Michał Górski, Farmaprom: First, we can share it with our analytics team to generate reports for our clients. Secondly, we use Click House as a sort of a front for BigQuery. BigQuery calculates data marts, which we load directly to Click House. This is the basic analytics for our clients: budget usage and plan realization.
What is more, the most important thing is the goal – the dedicated data warehouse. Every client can say: “I would like to have a data warehouse” and we actually create this warehouse for them. In the past, we used Oracle Business Intelligence, but our clients used to tell us that they didn’t want our BI and preferred raw data. These clients were large pharmaceutical companies and had their own BIs, sometimes more than one per company, so they didn’t need more. We wanted to meet their expectations, so we tested Spark. Calculating a basic sales mart took Spark about 14 hours. And it wasn’t Spark installed on my laptop, it was a cluster of ten solid computers. Not a big one, but still a cluster. Later we uploaded the data to BigQuery and the 14 hours turned into three minutes.
Michał Zieniewicz, Solwit: An amazing result.
Michał Górski, Farmaprom: Yes, this was the ultimate argument, so now we create such projects for our clients. Everyone who wants to have a data warehouse gets a separate GCP project, all the required data is uploaded and integrated. To show our clients this solution’s capabilities we also started creating Data Studio dashboards. At that point, our clients’ views on Oracle changed drastically. Everyone who was using or testing our solutions wanted to have our dashboards. Today, our clients don’t say “we want no BI, no additional visual layer,” they say “give us dashboards, give us Data Studio.”
Michał Zieniewicz, Solwit: It shows how technology changes the client’s perspective regarding data. Amazing. Does this approach towards data warehouse result in any problems?
Michał Górski, Farmaprom: Yes, it does, because every time a client declares they want to use Data Studio dashboards, we inform them that it requires Google accounts. Usually, at that point, the Polish branch calls the IT headquarters of the company and requests such accounts. And the answer is always the same – no way. Then we come in and try to solve the problem and explain what needs to be done. We also test different solutions, such as Superset, which can eliminate the need for Google accounts.
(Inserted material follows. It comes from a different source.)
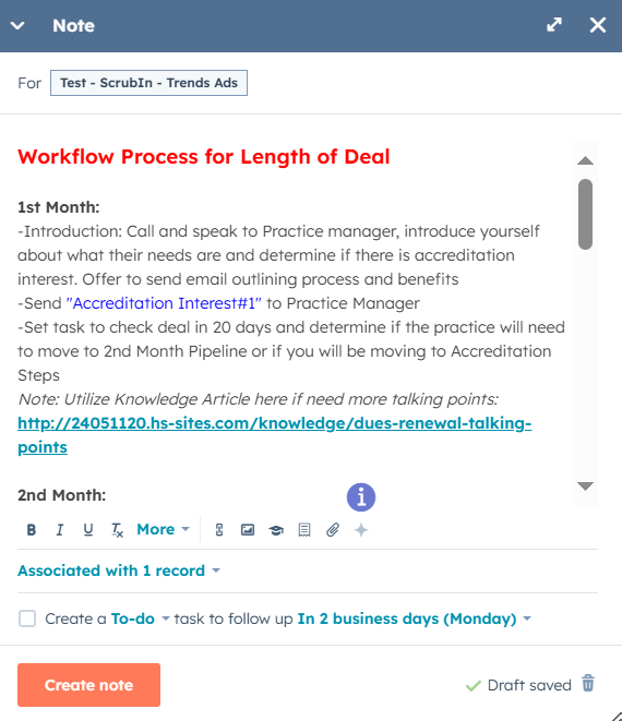 Step 4: Add the Workflow for AS's to follow as a Note in the Deal

We have tested Data Studio connectors and logging via service accounts, not to create new ones. Currently, we are verifying what Workforce can offer us, and maybe together with Data Studio embedding on our part, it will prove a good solution. Long story short – Google accounts for our clients are going to be created but on the fly. There are several solutions, we will certainly choose what works best.
Michał Zieniewicz, Solwit: Has the fact, that your data is processed so fast opened any new business opportunities? Does this technology allow you to do anything you couldn’t do before?
Michał Górski, Farmaprom: Oh, there are a lot of such examples. Let’s take shopping carts (the information from prescription receipts. Before, their analysis was very limited, both quantity and time-wise. It took several hours of our MS SQL 32-core server’s work.
Michał Zieniewicz, Solwit: It wasn’t just any server was it?
Michał Górski, Farmaprom: Right, but still, BigQuery does a thorough analysis of the shopping carts in a matter of seconds.
Michał Zieniewicz, Solwit: You could say it is done in real-time. Seconds compared hours – that’s what I call improvement.
Michał Górski, Farmaprom: There is also an interesting bonus we have got from this whole Google cloud experiment. Working with it was so enjoyable that we have just finished migrating our entire infrastructure. Now it is not only our BigData division that works in the cloud, but the whole Farmaprom.
Michał Zieniewicz, Solwit: 100% in the cloud! Awesome.
Michał Górski, Farmaprom: Yes, it is.
Michał Zieniewicz, Solwit: Ok, to sum up: Google technologies allow Farmaprom to realize their business goals, the current as well as the future ones, and as a bonus it helped you to develop and learn about new possibilities introduced by new technologies.